Every Wednesday, I hope to find a new ‘weed’ to investigate. My only criterion will be that I will not have deliberately planted the subject of our inquiry. Who knows what we will find…..
Ivy is perhaps the most divisive wild plant in the UK. For some, it is a clambering, entwining seducer, a plant of overweening ambition, capable of pulling the mortar out of brickwork and dragginbg the mightiest Oak to the ground. For others it’s the most valuable wildlife plant that you can grow, providing nectar and pollen for bees and butterflies and shiny black berries for the birds.

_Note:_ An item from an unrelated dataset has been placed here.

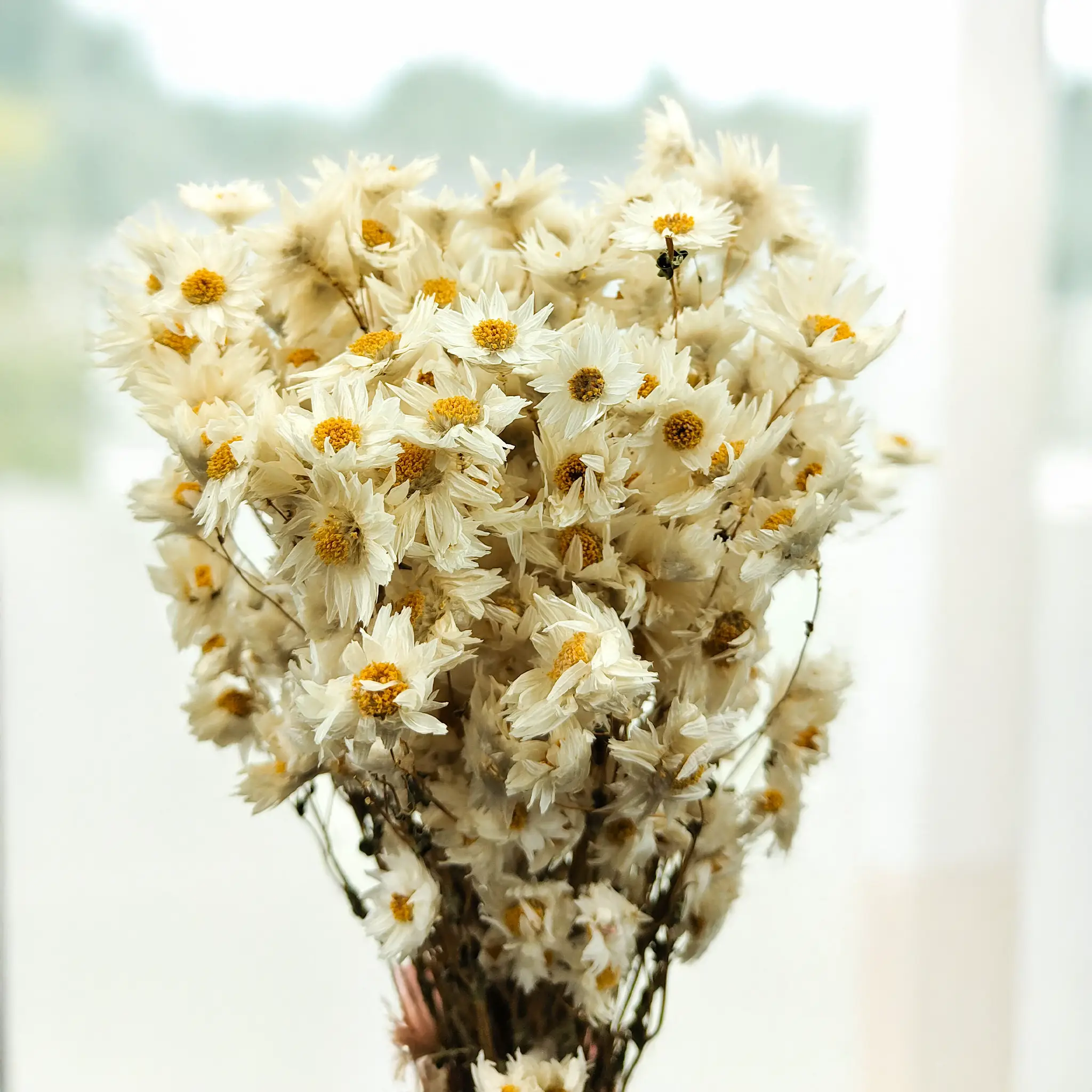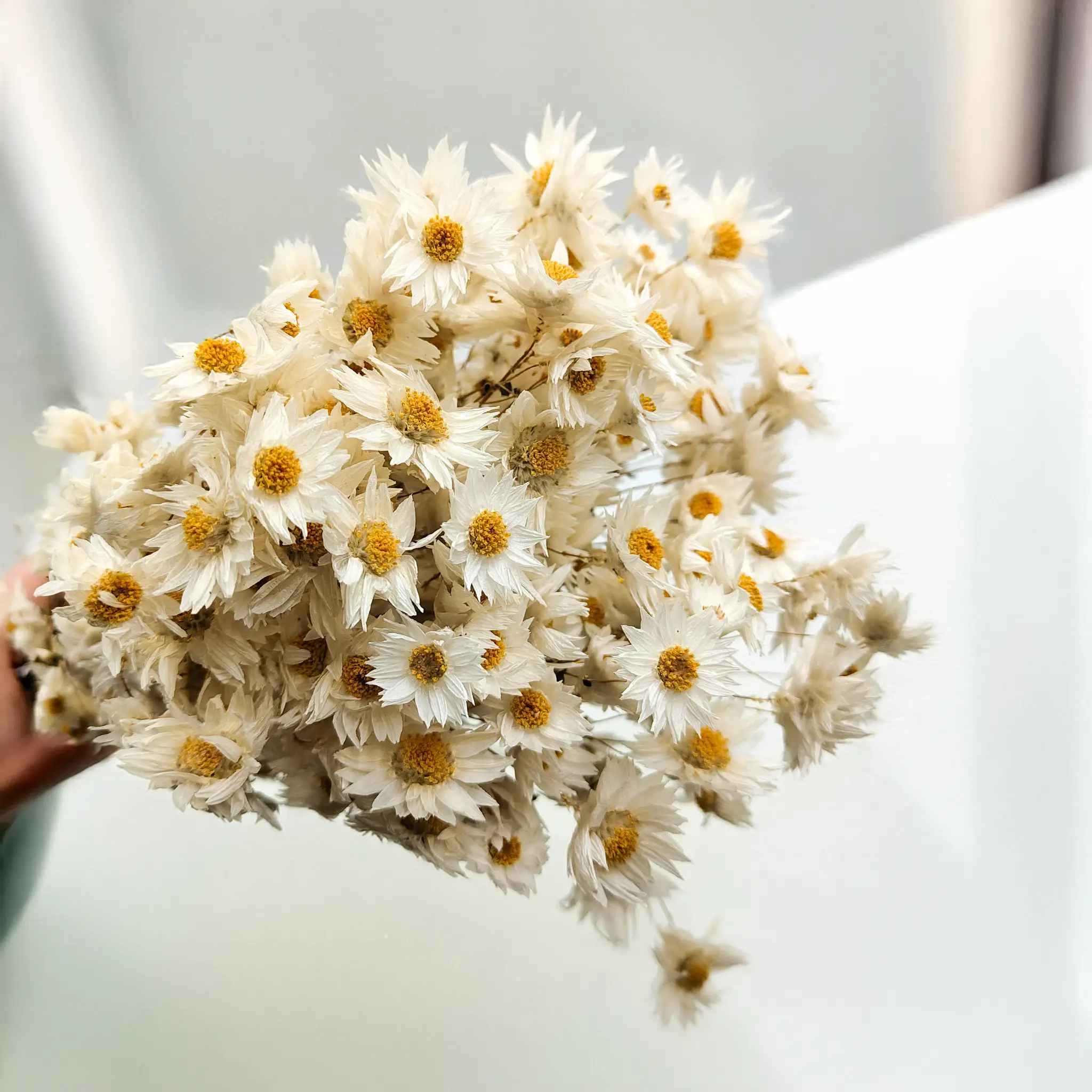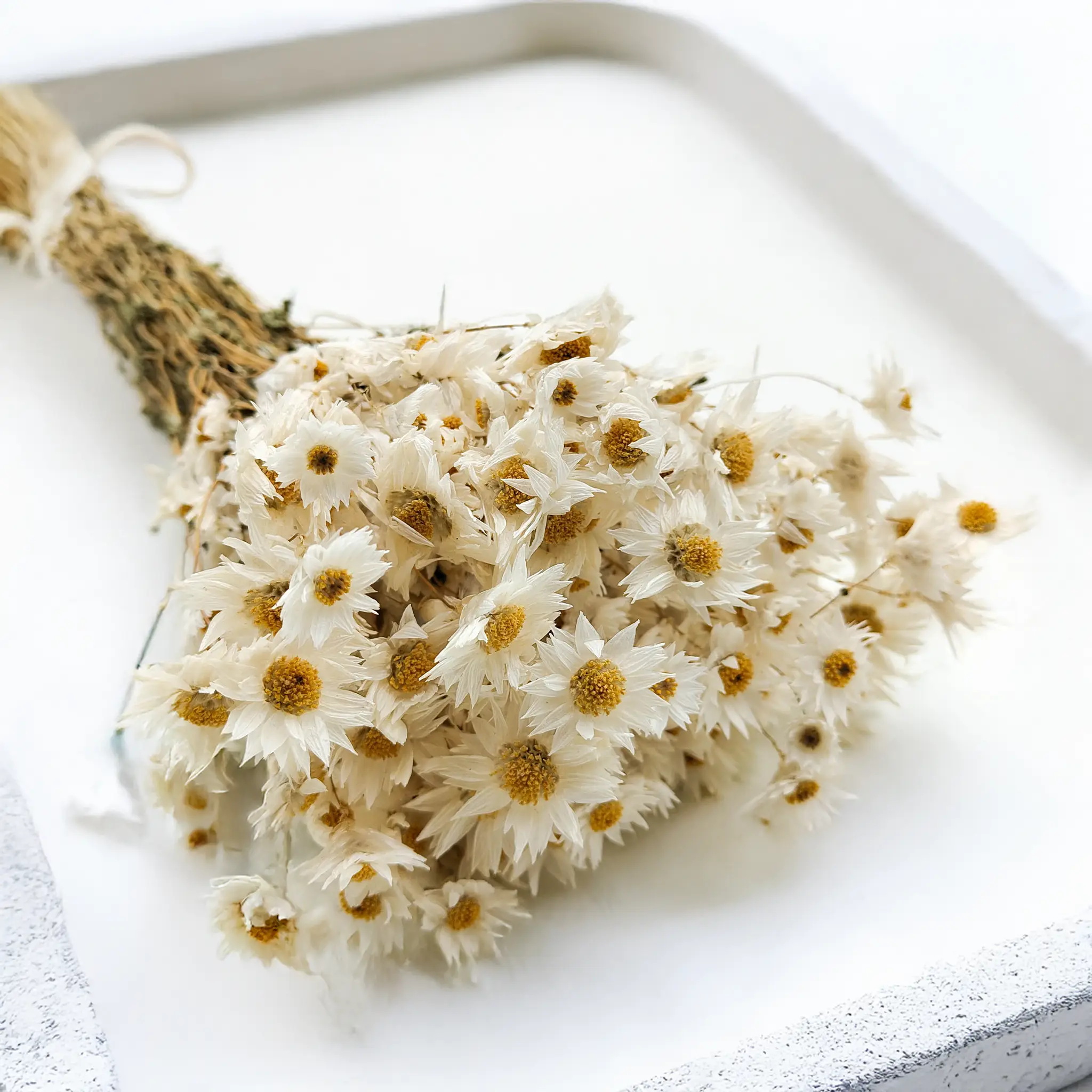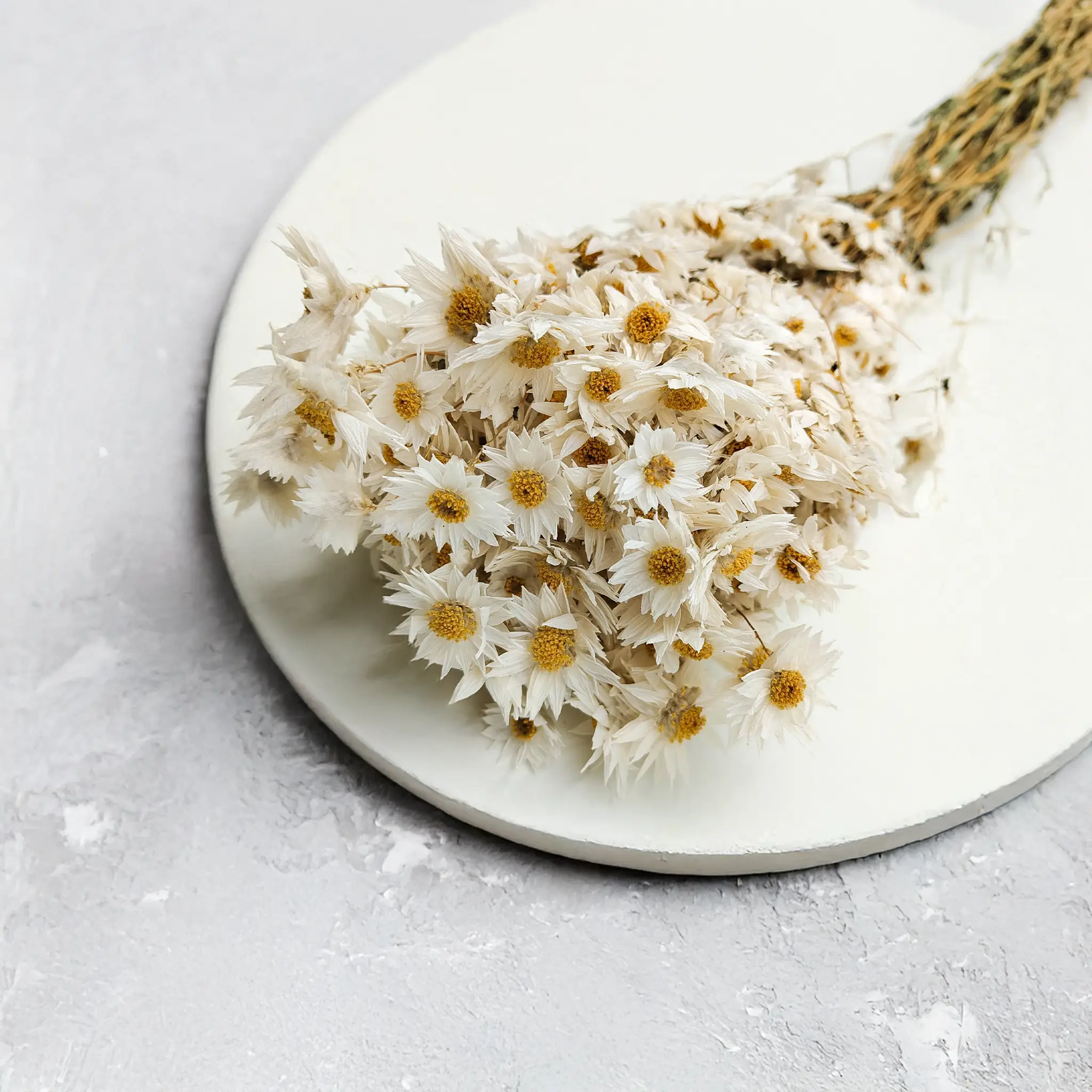 Dried Rhodanthe (also known as Paper Daisy) in white is a charming ornamental plant with delicate, pure white flowers. Thanks to a gentle drying process, it retains its shape, texture, and color for a long time. Widely appreciated by florists and interior decorators for modern and rustic arrangements.

Firstly, Ivy as strangler.
In the photo above, we can see the ambitious roots grappling with the bark of a Hornbeam as the plant reaches for the sky. Whilst Ivy can exist perfectly happily in a sprawl in dense woodland (and it is one of the few plants that will survive where there is very heavy leaf cover), it is also not averse to clambering upwards when it comes into contact with a suitable support. But unless it finds soil or a deep crevice, Ivy will use the object solely as a climbing frame, and is not a parasite.
The problem comes when the ivy reaches the top of the tree. Here, it will flourish, and, in a windy spot, the sheer weight of growth can be enough to pull the tree over. In Plants Britannica, Richard Mabey quotes a Dorset man who states that, when clearing ivy from a fallen tree, ‘the weight of the ivy often exceeds the weight of its host’.

Ivy proliferating on a tree – photo by Benjamin Zwittnig under Slovenia Creative Commons licence 2.5
And yet, I have a sense that something else is going on here. In much plantlore, the bold, straightforward Holly is seen as expressing the male principle, the sinuous, all-encompassing ivy as embodying the female principle . Could some of the hatred of Ivy, of its clinging,nature, be a kind of sublimated misogyny, a fear of fecundity? We are complicated creatures, and our motives are often hidden, even from ourselves.
Ivy has a long connection with alcohol. Because ivy can smother grapevines, it was sometimes seen as being able to cure a hangover through sympathetic magic. Ivy used to be grown over poles as an advertisement for the quality of the wine on sale at a public house – these poles were known as ‘bushes’, hence the phrase ‘good wine needs no bush’. Many pubs, such as the one below, maintain the link with Ivy:

The Ivy Inn, North Littleton © Copyright Philip Halling and licensed for reuse under this Creative Commons Licence
Furthermore, a bowl made of Ivy wood was said to neutralise the effects of drinking bad wine.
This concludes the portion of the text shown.